Glasgow City F.C.
- Full name: Glasgow City Football Club
- Founded: 1998; 28 years ago
- Ground: Petershill Park, Springburn, Glasgow
- Capacity: 901 (496 seated)
- Co-founders: Carol-Anne Stewart & Laura Montgomery
- Head Coach: Leanne Ross
- League: SWPL 1
- 2025-26: SWPL 1, 3rd of 12
- Website: glasgowcityfc.co.uk
| Home colours | Away colours |

= Glasgow City F.C. =

Glasgow City Football Club is a professional women's football team based in Glasgow that plays in SWPL 1, the top division of football in Scotland and also the higher of two levels of the Scottish Women's Premier League. The club has competed in the UEFA Women's Cup and UEFA Women's Champions League. They also have a reserve team and youth teams.

Glasgow City has won the most Premier League titles and the most Scottish Cups in Scotland since 2000.

In 2016, Glasgow City won their tenth Scottish Women's Premier League title in a row. However they lost their four-year monopoly on the domestic trophies with Hibernian L.F.C. winning the SWPL Cup and Scottish Cup.

The club's most recent title success came in dramatic fashion at the conclusion of the 2022–23 season with Glasgow City, Rangers, and Celtic all going into the final day with an opportunity to claim the title. At Ibrox Stadium, an injury time goal from City's Lauren Davidson secured a 16th SWPL title and made Leanne Ross the first female head coach to win the championship.

==History==
Glasgow City Football Club was formed in 1998 by Laura Montgomery and Carol Anne Stewart. They play in orange and black. The club play their home matches at Petershill Park in the Springburn district in the north of Glasgow, although from 2014 to 2017 they played at the larger Excelsior Stadium in Airdrie,
around 15 miles outside the city, due to issues with the artificial playing surface at Petershill. For the 2020–21 season, with Petershill unavailable, they played at Broadwood Stadium in Cumbernauld, North Lanarkshire.

City completed a domestic clean sweep in 2012, winning the treble, and they completed a second consecutive domestic treble in 2013. Between the seasons 2009 and 2018 inclusive, Glasgow City lost only three League matches, and continued an unprecedented run of successive Scottish championships that began in 2007–08 It was reported Glasgow City had held talks with the FA WSL in February 2013 about a possible move to an extended top flight in England. City cited football was not moving forward quickly enough in Scotland for women to match their ambition. The FA shut the door on any potential move. City general manager Laura Montgomery later reiterated the club's desire to play in the FA WSL.

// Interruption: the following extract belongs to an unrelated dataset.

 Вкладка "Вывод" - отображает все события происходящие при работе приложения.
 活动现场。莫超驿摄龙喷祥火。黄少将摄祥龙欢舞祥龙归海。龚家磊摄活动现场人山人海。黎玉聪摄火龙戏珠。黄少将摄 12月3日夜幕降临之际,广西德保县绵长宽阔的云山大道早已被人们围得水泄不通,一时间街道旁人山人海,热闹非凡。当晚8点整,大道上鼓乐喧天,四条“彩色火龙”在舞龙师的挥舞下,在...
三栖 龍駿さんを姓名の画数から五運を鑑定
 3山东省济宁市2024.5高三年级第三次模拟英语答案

During the 2014 season, Glasgow City secured an eighth successive SWPL title and third successive treble. After a superb 5–4 aggregate win against FC Zurich, City became the first Scottish team to reach the UEFA Champions League quarter-finals in November 2014. After a 2–1 first leg defeat at FC Zurich, City were 1–0 down at half time, with their keeper substituted due a suspected broken collar bone, in the second leg. Despite City replying with two early second half goals, Zurich made it 2–2. An 81st minute Jo Love strike leveled the tie, but with City heading out of the competition on away goals, Suzanne Lappin powered home a header a few minutes from time to send them through. In the quarter-finals, Paris Saint-Germain proved too strong for City, with a 7–0 aggregate victory.

City were seeded for the UEFA Champions League in 2015–16, as they entered straight in to the round of 32, both for the very first time. As the eighth seeds, the team faced Chelsea, only to lose 4-0 on aggregate.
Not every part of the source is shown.